Top of Information supplied

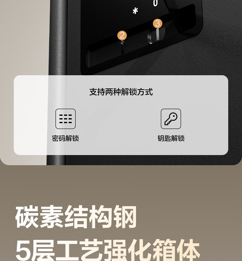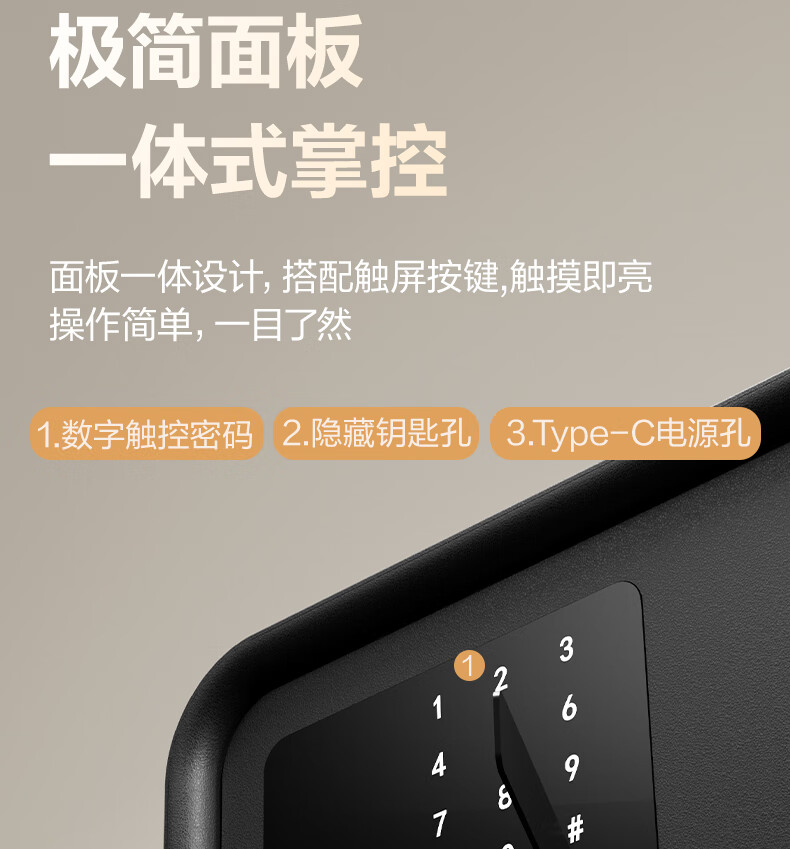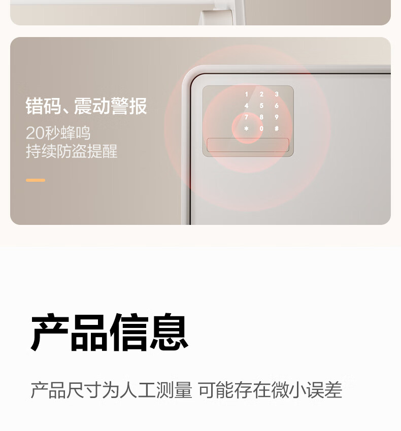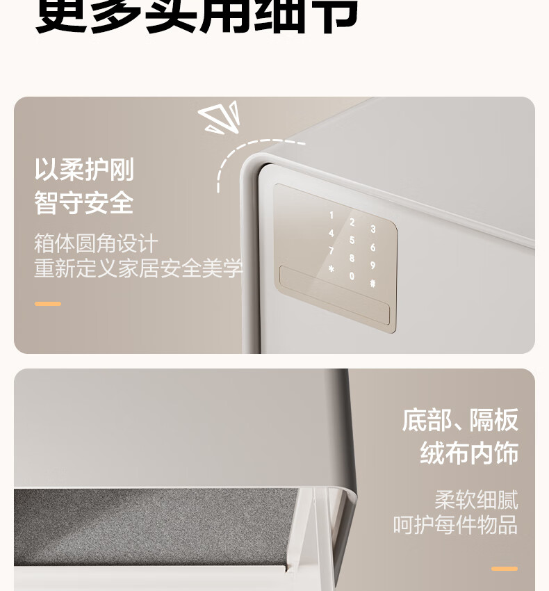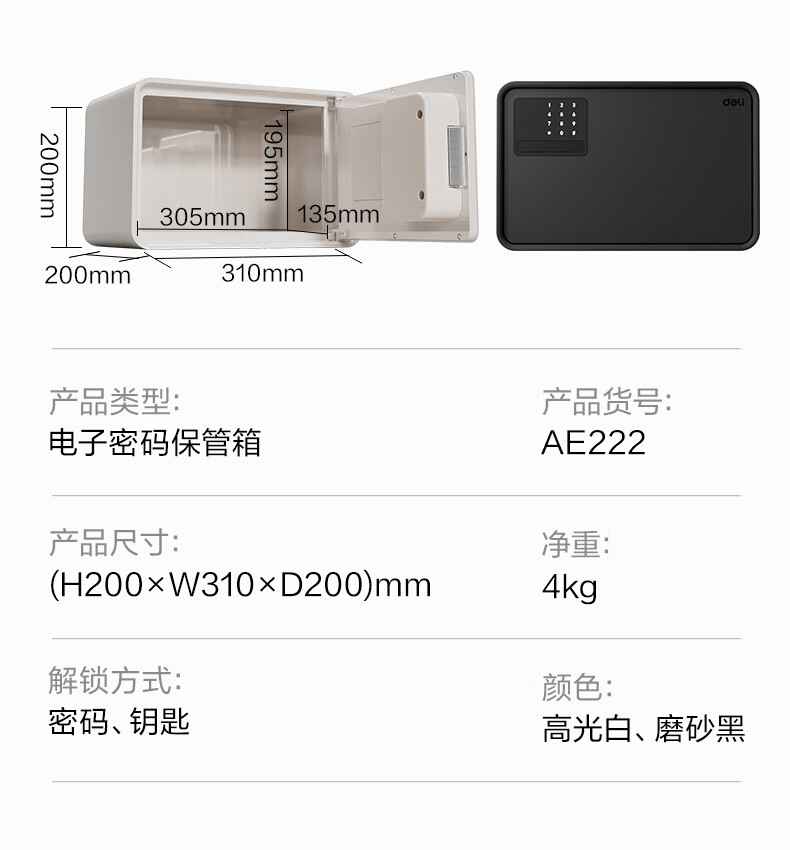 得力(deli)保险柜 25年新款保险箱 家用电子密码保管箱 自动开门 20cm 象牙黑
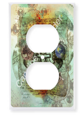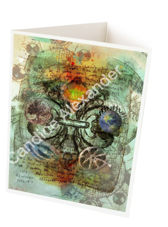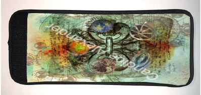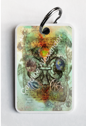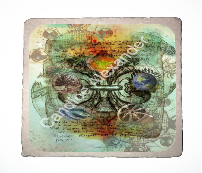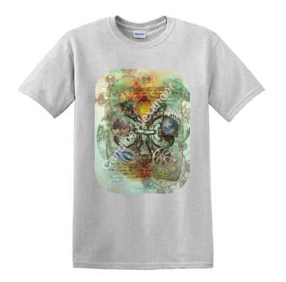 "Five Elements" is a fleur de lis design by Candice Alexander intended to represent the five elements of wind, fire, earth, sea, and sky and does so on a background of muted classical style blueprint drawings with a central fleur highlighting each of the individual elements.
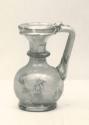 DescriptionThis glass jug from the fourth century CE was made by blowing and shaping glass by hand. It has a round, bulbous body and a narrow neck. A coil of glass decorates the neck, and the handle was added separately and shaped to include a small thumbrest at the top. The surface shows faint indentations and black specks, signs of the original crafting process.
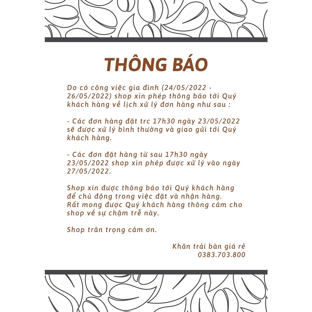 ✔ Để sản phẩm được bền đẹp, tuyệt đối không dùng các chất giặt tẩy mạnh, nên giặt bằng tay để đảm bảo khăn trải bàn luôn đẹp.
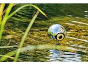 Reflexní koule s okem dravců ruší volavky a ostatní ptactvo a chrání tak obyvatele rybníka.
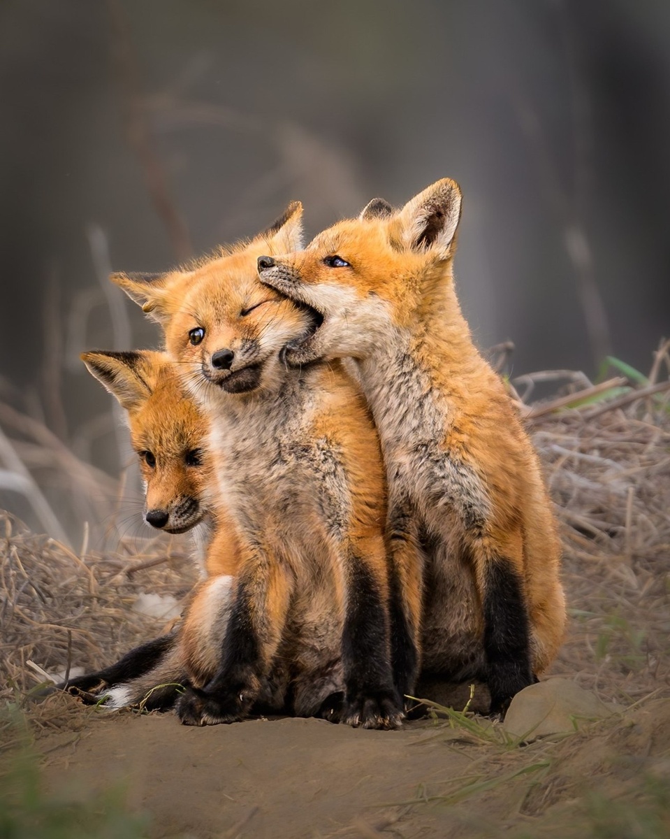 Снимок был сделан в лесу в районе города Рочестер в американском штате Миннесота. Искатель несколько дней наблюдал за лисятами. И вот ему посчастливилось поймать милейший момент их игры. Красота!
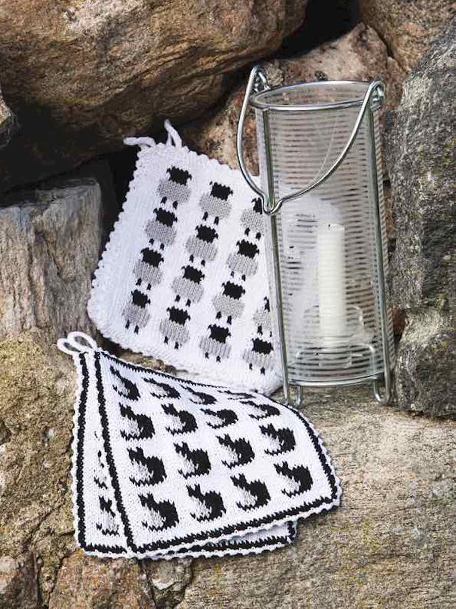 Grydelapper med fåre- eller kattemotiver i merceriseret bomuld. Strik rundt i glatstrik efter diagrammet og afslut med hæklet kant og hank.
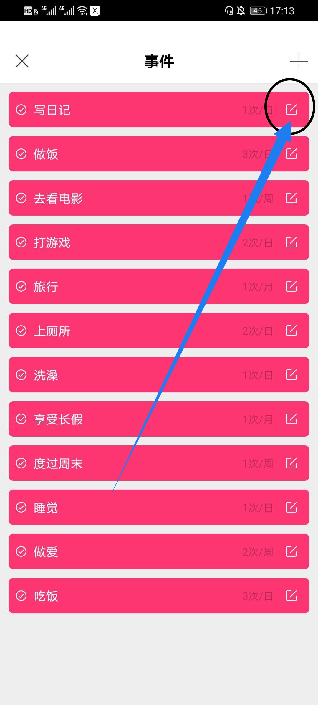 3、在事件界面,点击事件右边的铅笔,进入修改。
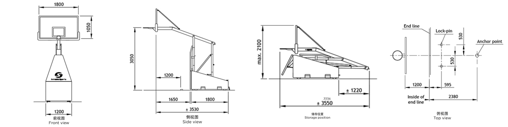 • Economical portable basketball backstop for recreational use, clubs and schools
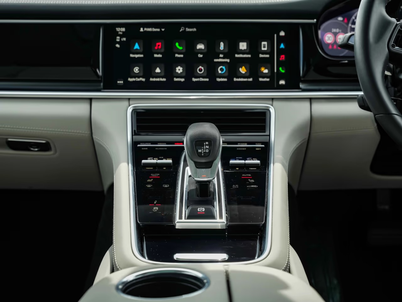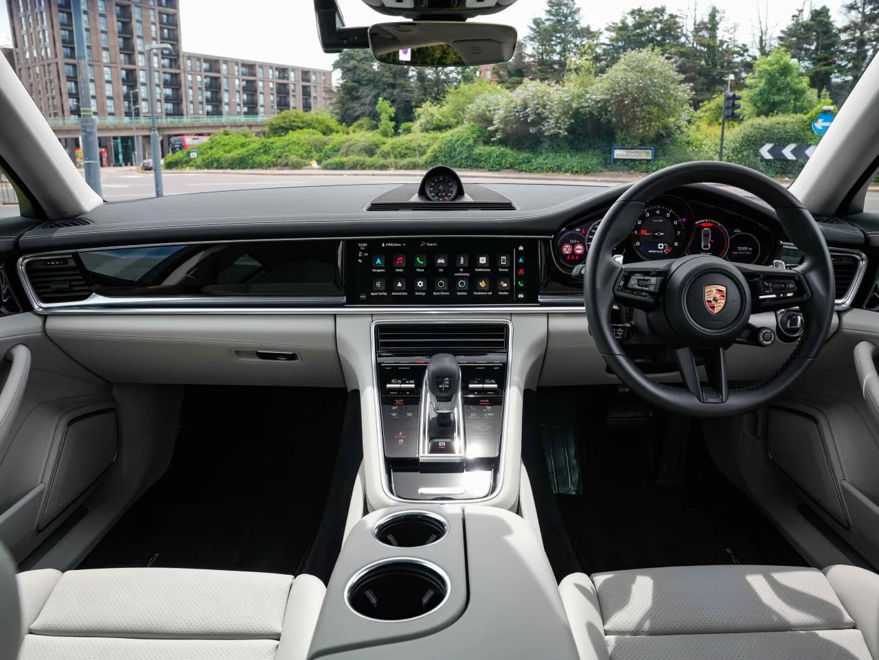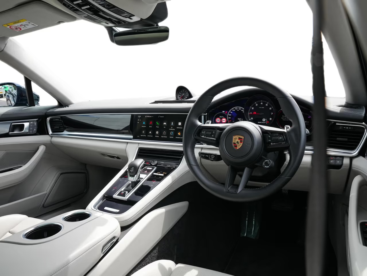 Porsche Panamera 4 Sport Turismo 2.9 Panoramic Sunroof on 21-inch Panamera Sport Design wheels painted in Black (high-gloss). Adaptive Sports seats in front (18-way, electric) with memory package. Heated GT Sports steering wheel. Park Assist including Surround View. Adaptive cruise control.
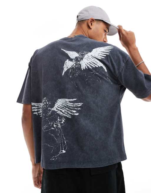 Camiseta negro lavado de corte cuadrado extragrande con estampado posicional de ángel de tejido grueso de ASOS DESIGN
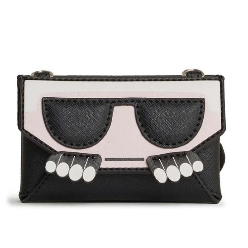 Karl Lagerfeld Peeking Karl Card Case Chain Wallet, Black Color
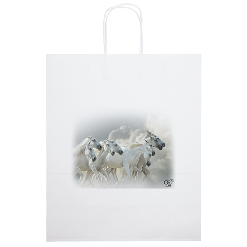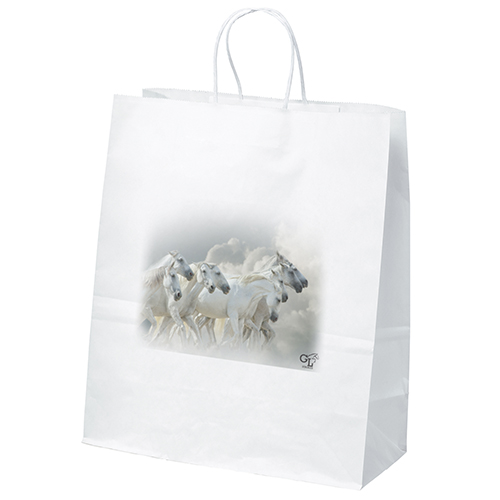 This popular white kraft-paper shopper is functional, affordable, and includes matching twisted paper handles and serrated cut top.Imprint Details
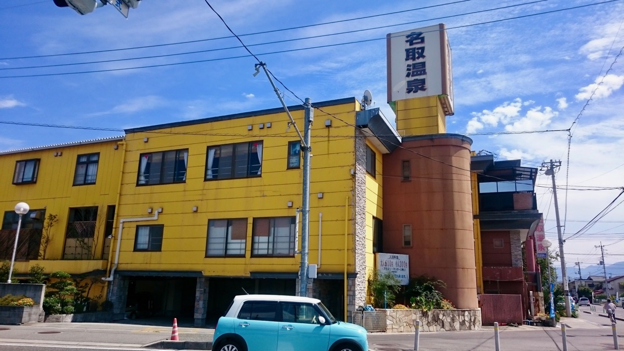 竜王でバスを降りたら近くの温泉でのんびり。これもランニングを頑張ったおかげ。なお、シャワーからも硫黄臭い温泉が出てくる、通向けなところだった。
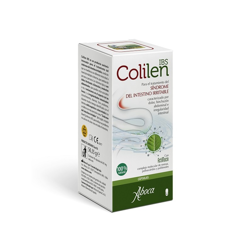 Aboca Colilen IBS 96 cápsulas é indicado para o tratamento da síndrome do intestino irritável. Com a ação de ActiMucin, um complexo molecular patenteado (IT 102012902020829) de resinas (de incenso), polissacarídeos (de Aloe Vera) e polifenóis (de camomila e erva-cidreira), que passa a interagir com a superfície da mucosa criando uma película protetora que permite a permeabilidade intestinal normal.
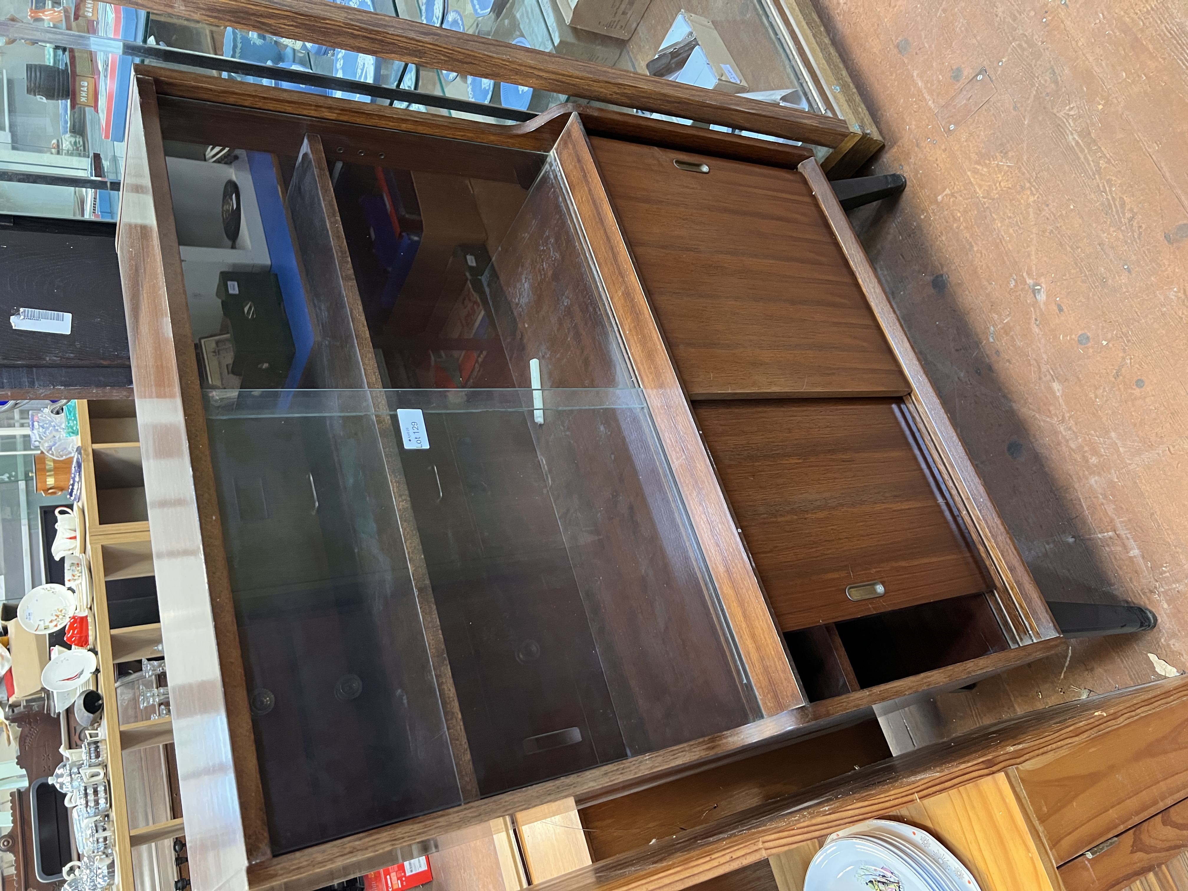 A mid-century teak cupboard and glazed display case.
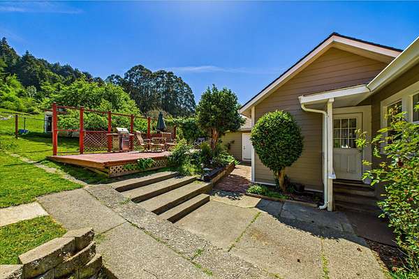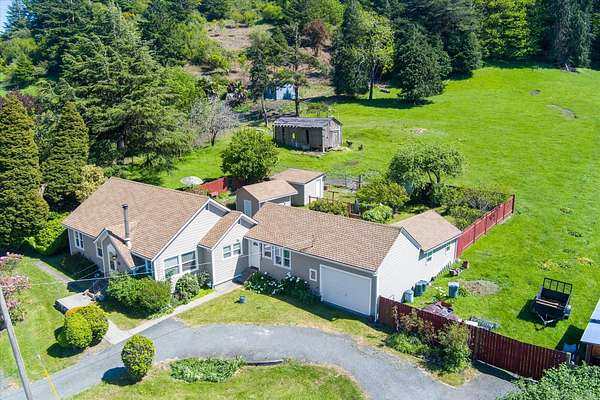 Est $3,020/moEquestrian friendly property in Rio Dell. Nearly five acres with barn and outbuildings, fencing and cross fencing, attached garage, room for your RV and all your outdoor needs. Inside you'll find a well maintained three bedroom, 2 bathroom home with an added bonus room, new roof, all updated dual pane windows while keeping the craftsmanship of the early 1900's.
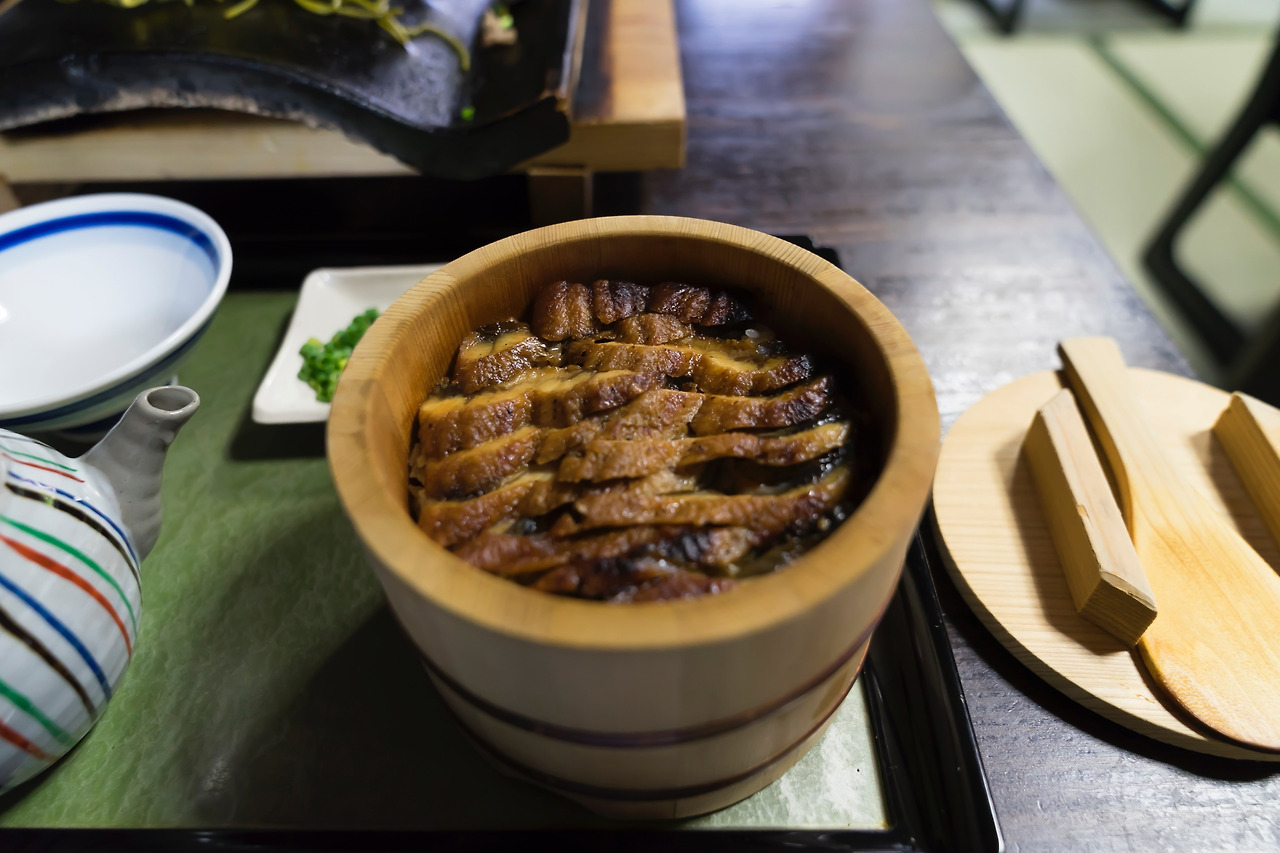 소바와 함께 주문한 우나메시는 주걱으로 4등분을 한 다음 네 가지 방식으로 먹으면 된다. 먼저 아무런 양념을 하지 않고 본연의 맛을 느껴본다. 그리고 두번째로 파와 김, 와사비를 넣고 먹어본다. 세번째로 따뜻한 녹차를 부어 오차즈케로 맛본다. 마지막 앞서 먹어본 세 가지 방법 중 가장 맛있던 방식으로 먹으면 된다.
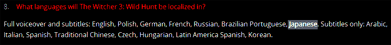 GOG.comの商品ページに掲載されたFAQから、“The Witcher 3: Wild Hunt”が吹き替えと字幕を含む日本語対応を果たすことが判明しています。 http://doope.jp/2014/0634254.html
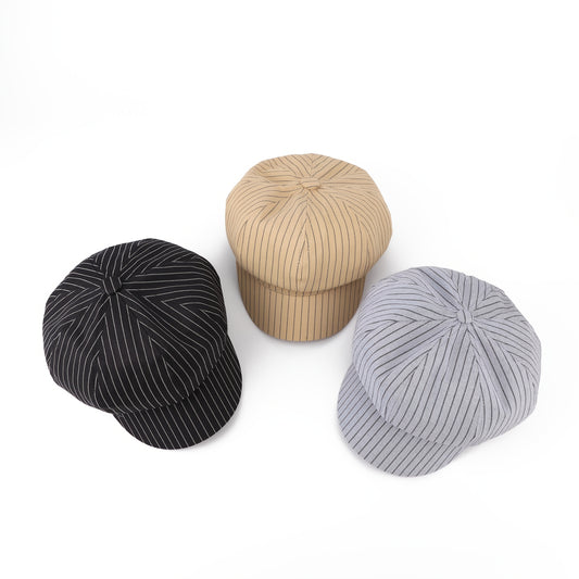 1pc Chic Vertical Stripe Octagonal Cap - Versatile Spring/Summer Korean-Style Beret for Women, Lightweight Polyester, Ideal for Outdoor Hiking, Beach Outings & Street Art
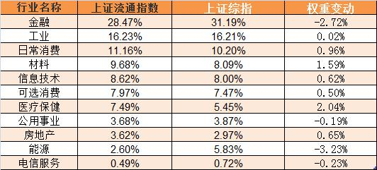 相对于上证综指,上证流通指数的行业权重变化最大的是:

Bottom of Information supplied

■ **What is being asked**
Please write out the lines from the one that holds "1pc Chic Vertical" through the end of the material, both ends included, exactly and with no pictures.

■ **Exercise result**
 1pc Chic Vertical Stripe Octagonal Cap - Versatile Spring/Summer Korean-Style Beret for Women, Lightweight Polyester, Ideal for Outdoor Hiking, Beach Outings & Street Art
 相对于上证综指,上证流通指数的行业权重变化最大的是:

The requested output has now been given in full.